TRALAC - Trade Law Centre

Zambia: Regional integration important for trade, says CCA

Tuesday, 24 May 2011

Source: Times of Zambia

The Corporate Council on Africa (CCA) has said regional integration is an important tool that can be used to further integrate goods and services and increase trade in the Africa Growth and opportunity Act (AGOA) Forum.

CCA vice-president in charge of business development Timothy McCoy said for the American private sector, regional integration was important because it could be used as a foundation to determine the level of goods being traded in the region and internationally.

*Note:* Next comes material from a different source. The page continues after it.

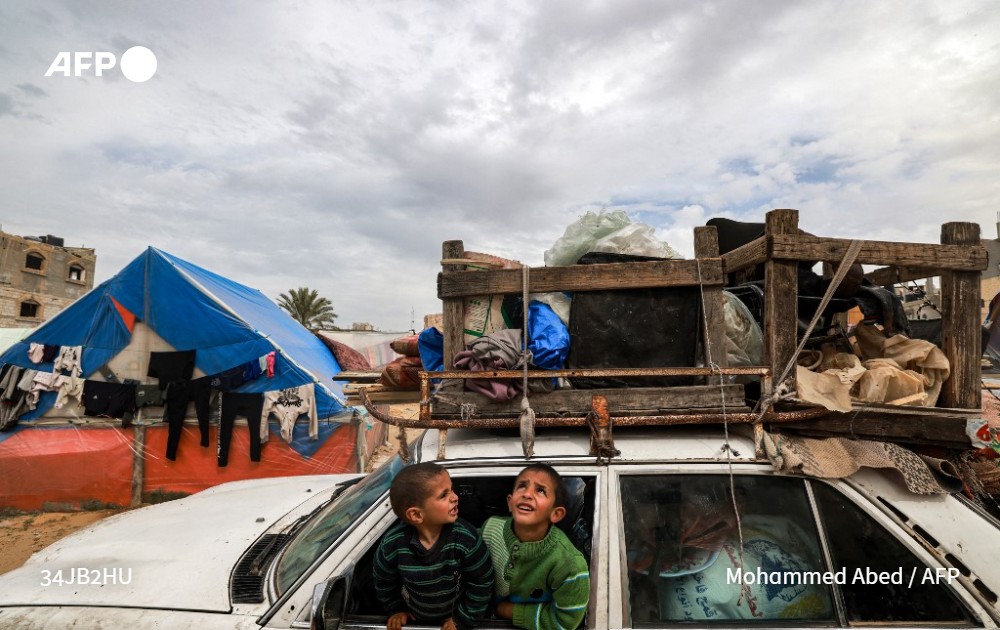 Des enfants sont assis dans une voiture alors que la population fuit Rafah dans le sud de la bande de Gaza le 13 février 2024 © Mohammed Abed / AFP

"A number of companies have taken keen interest in the progress of regional integration because if those regions further integrate that will make it easier for those companies' goods and services to flow across borders," he said.

Mr McCoy said the council was working closely with Common Market for Eastern and Southern Africa (COMESA) and other regional groupings that would be serving as panelists at the summit in Lusaka next month.

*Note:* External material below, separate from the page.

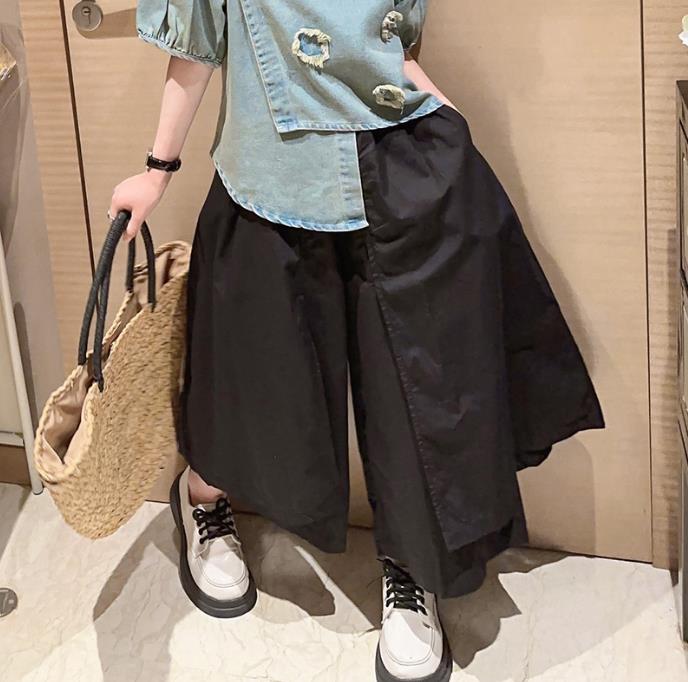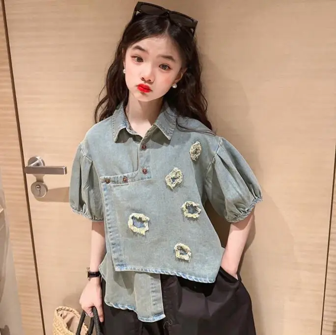 Летний комплект для девочек, новинка 2023, модная летняя джинсовая рубашка для маленьких девочек, хлопковые брюки, комплект из двух предметов

"Speakers will be speaking further on how we can make Africa a more business-friendly place," Mr McCoy said.

The CCA is an American non-profit association of more than 160 companies that collectively work to encourage more American companies to do business in Africa.

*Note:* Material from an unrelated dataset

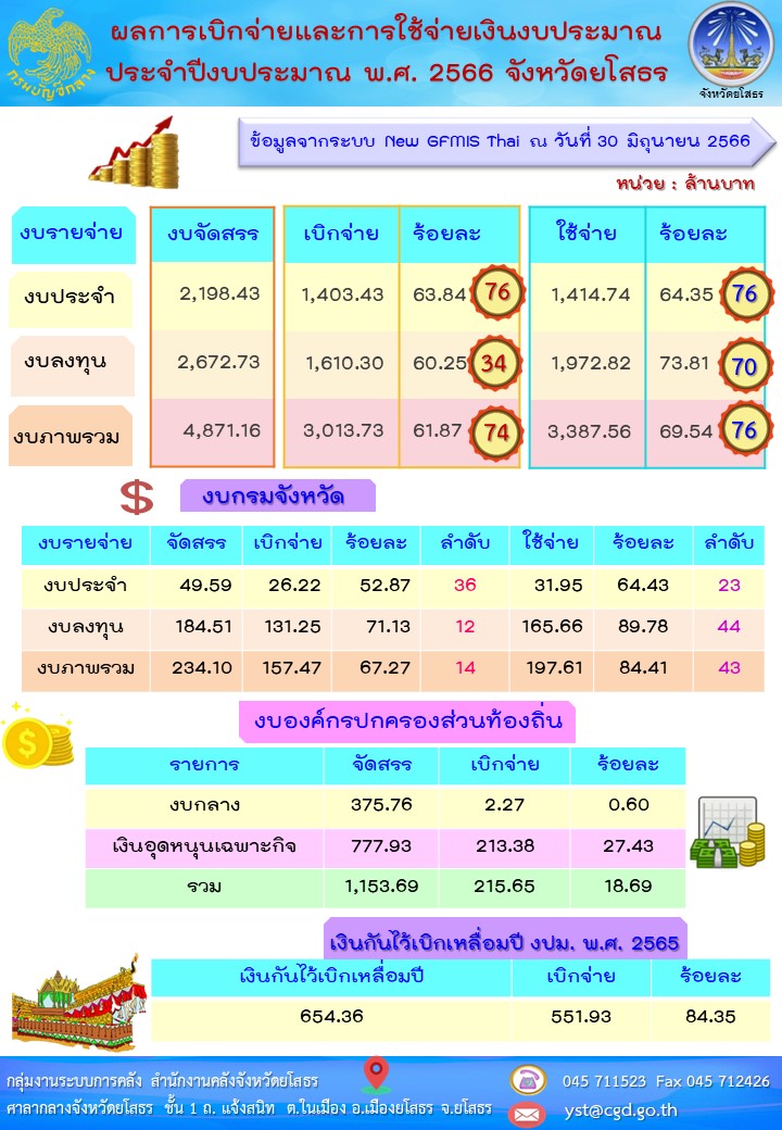 รายงานผลการเบิกจ่ายและใช้จ่ายเงินงบประมาณของจังหวัดยโสธร ข้อมูล ณ วันที่ 30 มิถุนายน 2566

Beginning with the very first AGOA Forum in 2001, CCA has played a central role in planning the AGOA Forum private sector session, which takes place on the margins of the ministerial meetings of the annual AGOA Forum.

This year, CCA has again been designated by the United States and the Zambian governments as US coordinator for the private sector/civil society session and the international trade exhibition, which will take place at the Mulungushi International Conference Centre in Lusaka next month.

AGOA is part of the Trade and Development Act of 2000, and it provides beneficiary countries in sub-Saharan Africa that do not already have a free trade agreement with the United States liberal access to US markets.

It reinforces African reform efforts, provides improved access to US credit and technical expertise, and establishes a high-level dialogue on trade and investment in the form of the annual US-Sub-Saharan Africa Trade and Economic Forum.